··· Records for this task ···
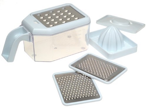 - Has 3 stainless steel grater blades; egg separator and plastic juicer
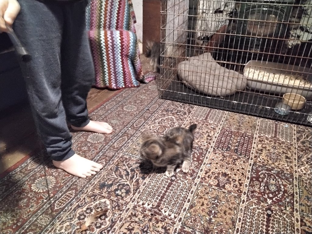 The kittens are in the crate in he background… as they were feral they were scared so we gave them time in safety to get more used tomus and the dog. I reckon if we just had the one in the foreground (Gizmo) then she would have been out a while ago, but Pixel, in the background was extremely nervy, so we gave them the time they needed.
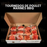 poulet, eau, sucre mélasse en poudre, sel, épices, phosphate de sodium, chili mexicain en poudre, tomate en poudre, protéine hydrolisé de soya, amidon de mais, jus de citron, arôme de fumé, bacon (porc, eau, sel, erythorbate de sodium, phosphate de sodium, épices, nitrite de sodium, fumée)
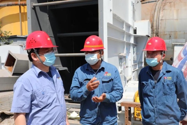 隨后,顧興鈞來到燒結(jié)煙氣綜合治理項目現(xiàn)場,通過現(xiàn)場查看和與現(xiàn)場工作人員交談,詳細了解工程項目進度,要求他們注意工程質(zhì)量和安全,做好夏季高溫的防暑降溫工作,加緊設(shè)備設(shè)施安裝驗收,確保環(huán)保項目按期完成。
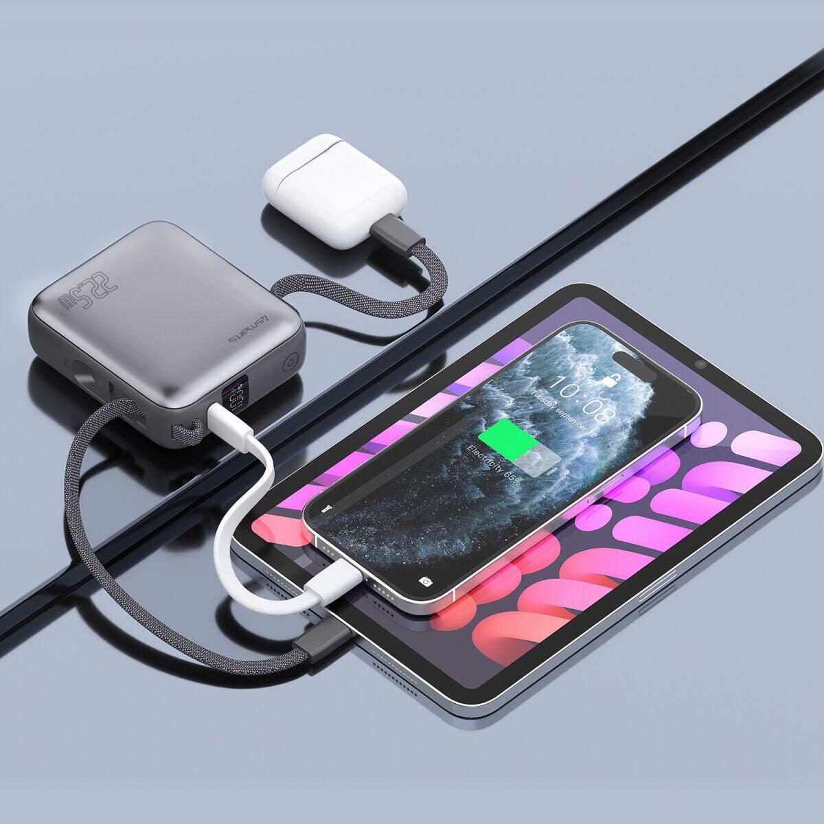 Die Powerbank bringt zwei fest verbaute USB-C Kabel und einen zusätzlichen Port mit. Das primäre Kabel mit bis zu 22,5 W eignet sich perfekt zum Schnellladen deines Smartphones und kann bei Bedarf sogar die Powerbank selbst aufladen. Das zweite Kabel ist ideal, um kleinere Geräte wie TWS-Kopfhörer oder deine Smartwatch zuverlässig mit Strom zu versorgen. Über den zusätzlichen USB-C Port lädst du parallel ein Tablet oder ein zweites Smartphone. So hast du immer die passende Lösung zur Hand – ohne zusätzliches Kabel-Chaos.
···
-- Exercise directions --
Each entry above must be printed exactly, apart from its pictures.

-- Answer section --
 - Has 3 stainless steel grater blades; egg separator and plastic juicer
 The kittens are in the crate in he background… as they were feral they were scared so we gave them time in safety to get more used tomus and the dog. I reckon if we just had the one in the foreground (Gizmo) then she would have been out a while ago, but Pixel, in the background was extremely nervy, so we gave them the time they needed.
 poulet, eau, sucre mélasse en poudre, sel, épices, phosphate de sodium, chili mexicain en poudre, tomate en poudre, protéine hydrolisé de soya, amidon de mais, jus de citron, arôme de fumé, bacon (porc, eau, sel, erythorbate de sodium, phosphate de sodium, épices, nitrite de sodium, fumée)
 隨后,顧興鈞來到燒結(jié)煙氣綜合治理項目現(xiàn)場,通過現(xiàn)場查看和與現(xiàn)場工作人員交談,詳細了解工程項目進度,要求他們注意工程質(zhì)量和安全,做好夏季高溫的防暑降溫工作,加緊設(shè)備設(shè)施安裝驗收,確保環(huán)保項目按期完成。
 Die Powerbank bringt zwei fest verbaute USB-C Kabel und einen zusätzlichen Port mit. Das primäre Kabel mit bis zu 22,5 W eignet sich perfekt zum Schnellladen deines Smartphones und kann bei Bedarf sogar die Powerbank selbst aufladen. Das zweite Kabel ist ideal, um kleinere Geräte wie TWS-Kopfhörer oder deine Smartwatch zuverlässig mit Strom zu versorgen. Über den zusätzlichen USB-C Port lädst du parallel ein Tablet oder ein zweites Smartphone. So hast du immer die passende Lösung zur Hand – ohne zusätzliches Kabel-Chaos.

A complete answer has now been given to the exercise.